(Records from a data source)
>>

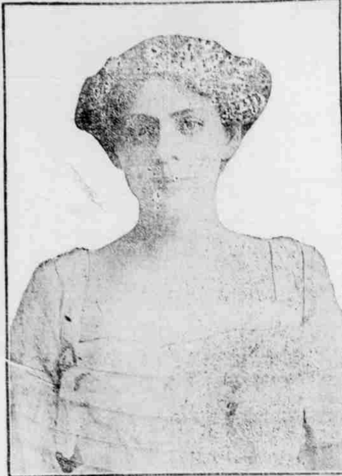
MISS ETHEL BARRYMORE'S TRIUMPHS IN LONDON SOCIETY.

These prices for labor must certainly go down as soon as there is any material let up in business. Personally I have always been an advocate of good pay, short hours, steady employment and good, faithful service, trying to keep all our employees thoroughly interested in the business. The weakest point in the government of the country today and the one that is destined to bring us the greatest trouble unless we have an immediate change is THE LAX ENFORCEMENT OF LAWS. THERE IS NOTHING WE NEED IN THIS COUNTRY SO MUCH, I REPEAT, AS RESPECT FOR AND HONEST ENFORCEMENT OF THE LAWS AS AFFECTING EVERY CITIZEN, WHETHER EMPLOYER OR EMPLOYEE, AND WHEN LAWS ARE FOUND TO BE BAD THEY SHOULD BE REPEALED.
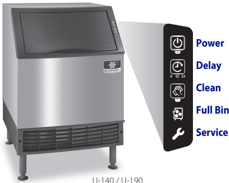
U-140 / U-190
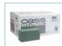
OASIS® Ideal Floral Foam

SUNDRIES OASIS® Ideal Floral Foam Lime Green Midelino Sticks Turquoise Midelino Sticks Square Acrylic Bowl OASIS® Floralife® Flower Food
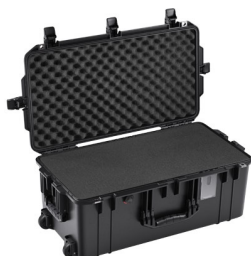
1606WF With Foam
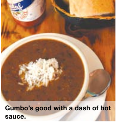
Gumbo's good with a dash of hot sauce.

Though gumbo has popped up on menus across the U.S., you're not likely to get the real thing outside of south Louisiana unless it's cooked by a transplanted native. A dark, flavorful soup, real gumbo takes a long time to cook and requires a little voodoo to do properly; most gumbos are variations on
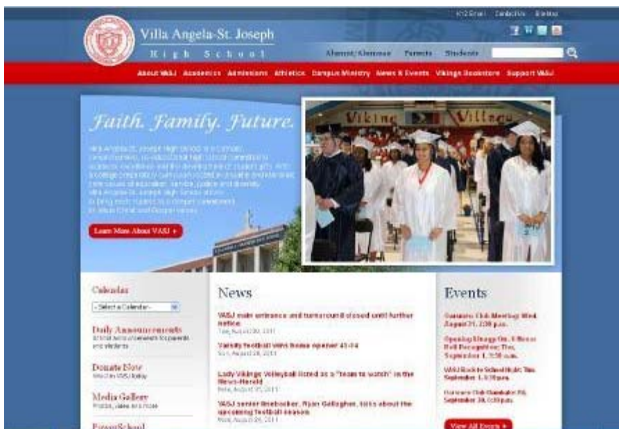
The new and improved VASJ website.

Villa Angela-St. Joseph High School is excited to announce the launch of our new website, www.vasj.com . In addition to a more updated look, the website is much more user-friendly for our parents, students, alums and friends.
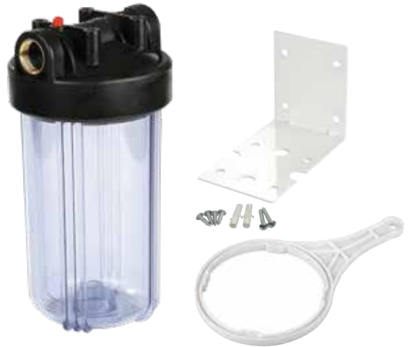
FDA CFR-21 compliant materials
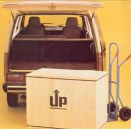
Carton measures 45" W, 34" H, 25" D, fits easily behind third seat.
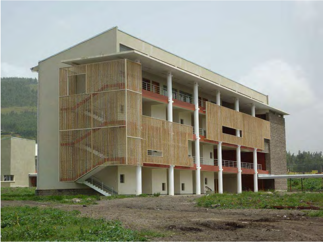
Classroom building (B), finished for 90%.
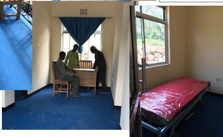
Below: maternity bed
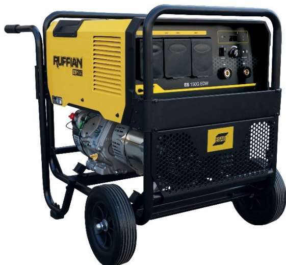
Ruffian ES 150G EDW
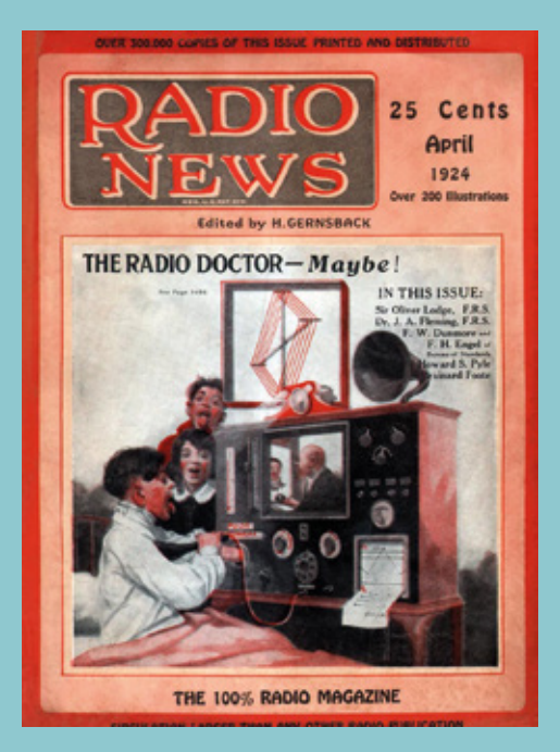
Figure 1. The April 1924 issue of Radio News Magazine.<sup>20</sup>

William Einthoven (1860-1927) is credited with the generation of the prefix "tele" in a medical context in his article in 1906 reporting on the use of a galvanometer with telephone technology to transmit heart sounds 0.9 miles, termed the "telecardiogram"<sup>2</sup>. The telemedicine as we know it today was first circulated in the early 1920s with the advent of radio communications enabling two-way communications between doctor and patient ( Figure 1 ). Relevant to the national health service (NHS) of today, telemedicine is most applicable in the form of the cost-savings model or access-to-market model, whereby cost-effective care can be delivered, within the confines of limited resources whilst defying the constraints of a reliance on health seeking behaviour.<sup>3</sup>
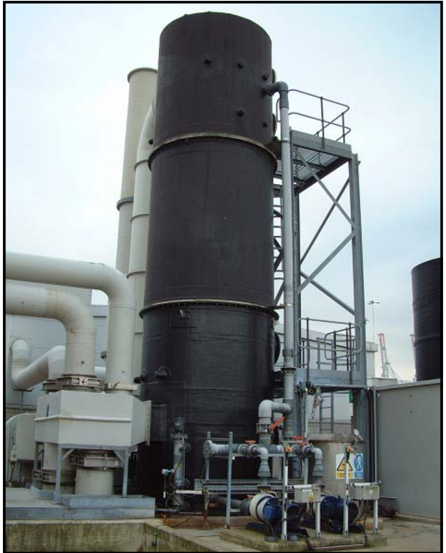
The Millbrook scrubber following refurbishment

services with ERG always working to meet the needs of the client and reduce costs where possible.
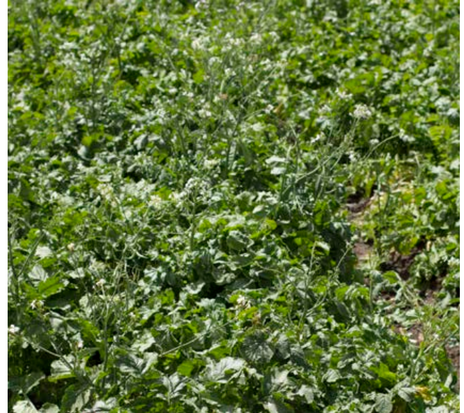
Figure 9 Cover crops which establish rapidly and produce a lot of biomass have been shown to be effective in suppressing nutgrass growth due to their dense canopy. In this example, tillage radish ( Raphanus sativus ) produced a rapid-growing and thick canopy which was effective in suppressing nearly all weed growth on a farm near Hobart, Tasmania.

Research indicates that some cover crops may also potentially retard the growth of nutgrass through allelopathy (production of compounds toxic to other plants), including sorghum ( Sorghum bicolor ) and cowpea ( Vigna unguiculata ). Nutgrass has been shown to have some susceptibility to several phytotoxins present in sorghum, suggesting that this may be worth consideration as an allelopathic cover crop candidate to help restrict the spread of this weed. Intercropping of sorghum and sesame has also shown some promise for nutgrass control in overseas research.
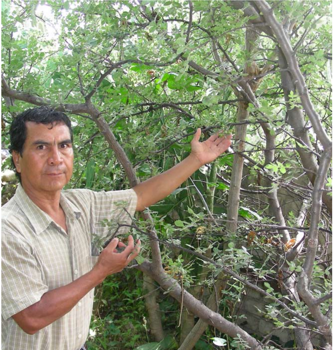
Carvers use the copal tree which grows plentifully in the mountains around their town.
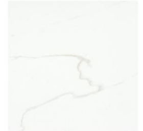
13x13 Wall Tile
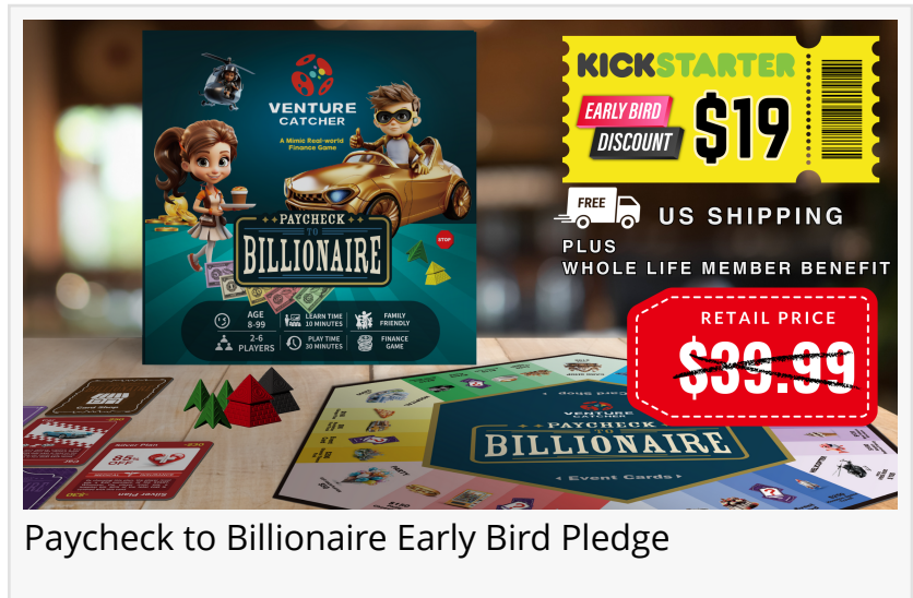
Paycheck to Billionaire Early Bird Pledge

The official Kickstarter preview page is now live, inviting future backers to sign up for notifications about the launch date and access exclusive early bird specials. (Link: https://www.kickstarter.com/projects/venturecatcher/paycheck-to-billionaire-board-game-meets-financial-freedom )
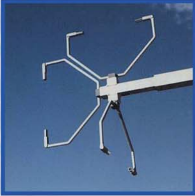
"K" Style Probe

Designed primarily for atmospheric boundary layer studies, but suited to a broad range of wind sensing applications. Array design assures minimum flow distortion errors in measured turbulence statistics.
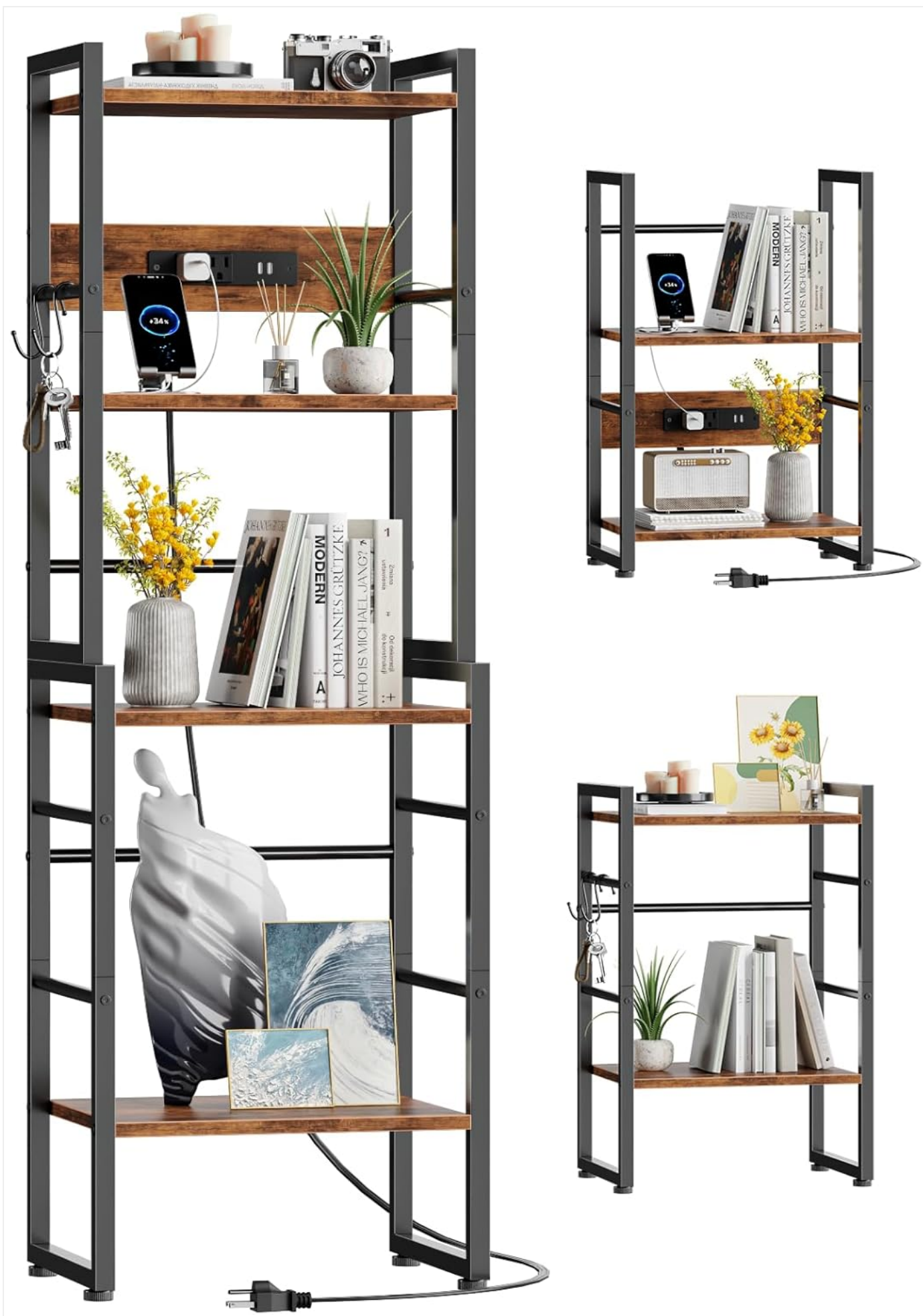
Image: The fully assembled Furolee 4-Tier Bookshelf, showcasing its rustic brown shelves, black metal frame, and integrated power outlet with devices plugged in. Various items like books, plants, and decorative pieces are displayed on the shelves.
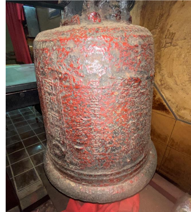
Photo 10.3. Bell of Hau Kok Tin Hau Temple
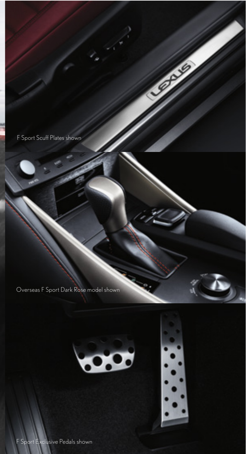
F Sport Scuff Plates shown
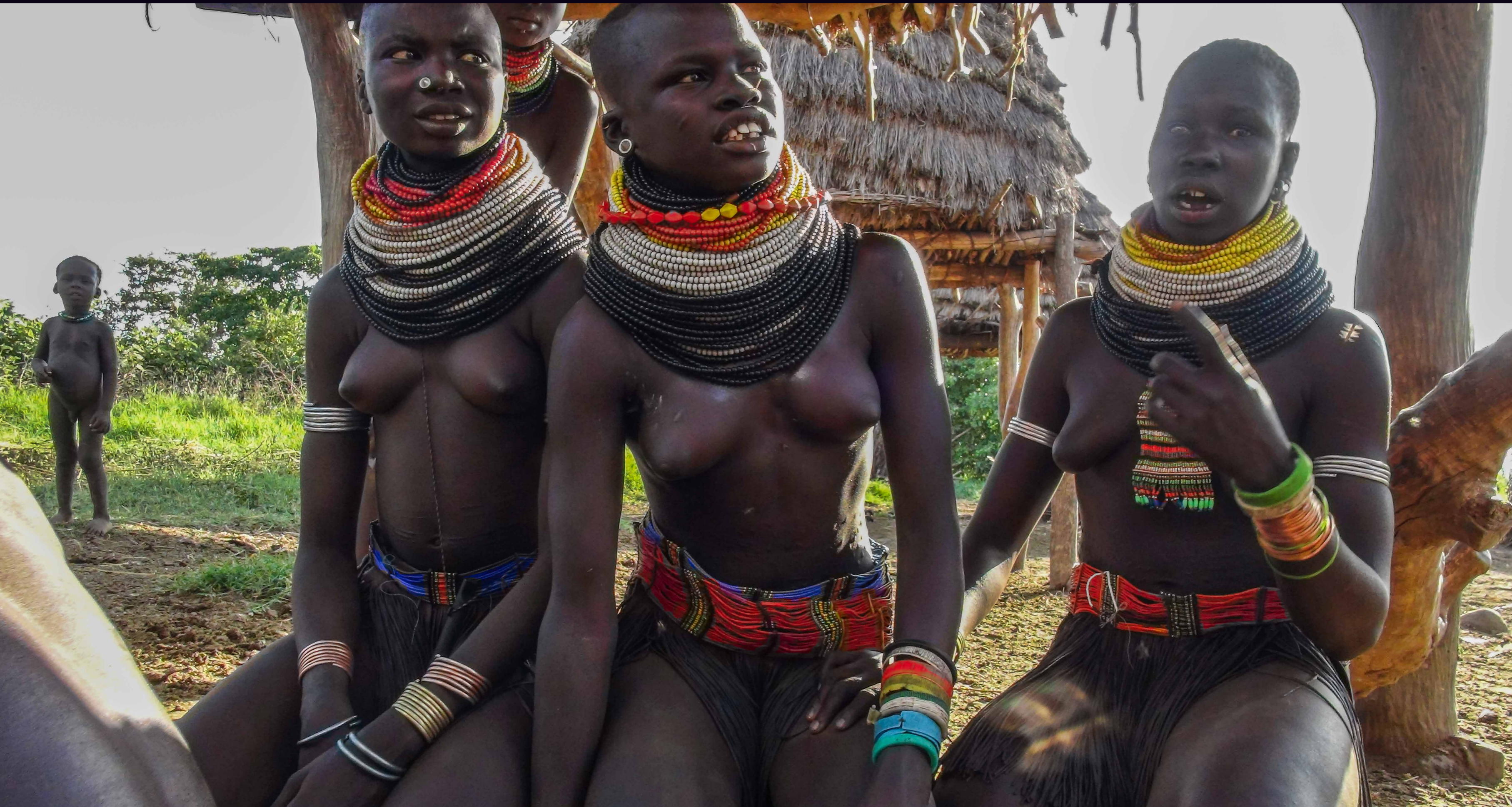
Ngatom, Republika Južni Sudan, 2015 Ngatom, Republic of South Sudan, 2015

<<

Assignment:
Work through the data and report how many of its lines hold the word "website", giving only the figure.

The completed task:
2